An Island-wide staffing shortage in dental clinics is causing a backlog of appointments, and it’s forcing some patients on P.E.I. to wait months before receiving care.
“As with any part of health care, everybody’s looking for somebody to help them out,” said Dr. Brian Barrett, executive director of the Dental Association of P.E.I.
He said key positions such as dental assistants and hygienists are “vital” for offices to be able to perform their full range of functions.
But a lack of staff is leaving some dentists to do the work alone which in turn impacts patients whose appointments get cancelled or rescheduled.
Barrett said part of the problem has been the pandemic since many dental assistants and hygienists have changed their hours to part-time, leaving clinics in a situation where more shifts are needed to fill the week.
He said another pandemic-related factor has been dealing with the fallout of appointments that were missed when dentists had to close their practices.
“When things get backed up, it’s just really hard to get caught up again,” said Barrett.
“There’s nowhere to put people that have cancelled or didn’t show up except, oh, seven or eight weeks … maybe a couple of months.”
Jessica Vancolen, secretary of the P.E.I. Dental Hygienists Association and a registered dental hygienist, said this eventually results in a pileup of appointments — a mixture of patients who were bumped to a later date and patients who had been booked for that time.
With the added challenge of workers leaving the practice or moving to another office, she said routine appointments that would normally be scheduled every six months are now booking up to 10 months in advance.
Recruitment and retention
There are no institutions on P.E.I. that offer dental hygienist training for people who want to work in the field, and Vancolen said it’s a barrier to hiring and retaining staff.
“You have to either go the closest place [which] would be Moncton or Halifax, so a lot of people — they’ll go to those places and then maybe decide, ‘Oh, I like it here’ and they’ll stay,” she said.
Vancolen said more incentives, like paying off student loans for people come back to the Island, could help entice those folks to potentially become staff and assist with the workload.

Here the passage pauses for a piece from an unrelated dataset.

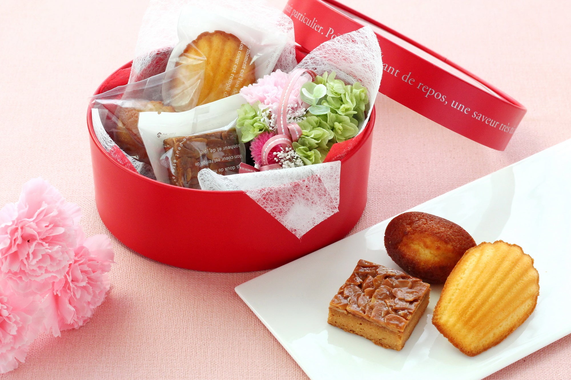 ホテルメイドの焼き菓子と、ハート型のフォルムが可愛らしい陶器にカーネーションのプリザーブドフラワーをセットにした、母の日限定ギフトです。

The Canadian Dental Association says labour shortages are not isolated to P.E.I., but are a country-wide problem that’s been challenging both before and after the pandemic.
In a statement to CBC News, the association said, “Combined, existing workforce challenges, modifications to patient management, and more patients returning to their dental home for care are causing dental appointments to be scheduled or rescheduled farther out.”
It said other factors impacting appointment backlogs, including early retirements, can vary by province.
The CDA said it has renewed its collaboration with the Canadian Dental Assistants’ Association to develop a project called Building the Professional Dental Assisting Workforce of the Future, aimed at assisting dental office staff with wellness resources and action plans to address labour mobility and integration of immigrants into the workforce.